Upon his graduation from high school at 16, Aronson moved to Berlin to study law, but was recommended by a fellow cellist as a student to Julius Klengel. Aronson pursued his career in cello performance. Aronson graduated from Berlin Hochschule für Musik, continuing instruction under Alfred von Glehn and Gregor Piatigorsky in Berlin. Ultimately, Piatigorsky would continue to be Aronson's mentor and role model. He graduated from the Berlin Hochschule in 1932.

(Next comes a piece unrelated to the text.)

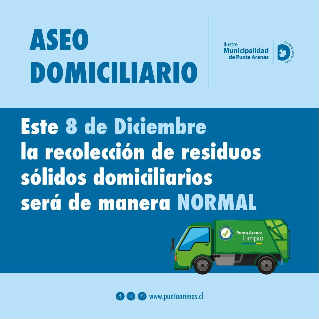 Punta Arenas : RECOLECCIÓN DE RESIDUOS – LUNES 8 DE NOVIEMBRE
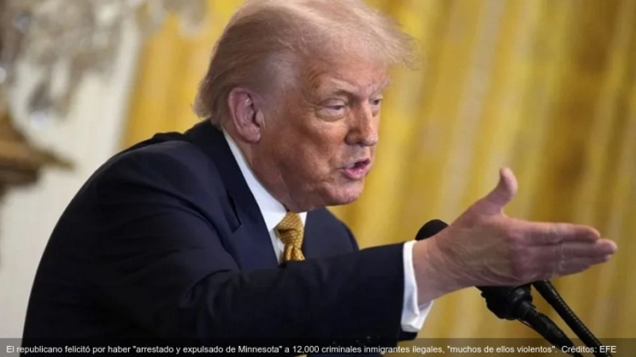 El presidente elogió a los agentes del Servicio de Inmigración y Control de Aduanas (ICE), a quienes calificó de patriotas, y los felicitó por haber arrestado y expulsado de Minnesota a 12,000 inmigrantes ilegales con antecedentes penales, muchos de ellos violentos.

Performing and teaching career[edit]

Aronson began performing locally with three German friends in the Peters String Quartet in addition to performing throughout Europe as a soloist and in orchestras. Although the Jewish population of Europe became subject to increased political hostility through the 1930s, Aronson was able to perform and served as principal cellist for the Libau (Liepāja) Philharmonic Orchestra. German forces invaded and occupied Riga in June 1941. Aronson's cello was confiscated, and he was taken into custody in July 1941.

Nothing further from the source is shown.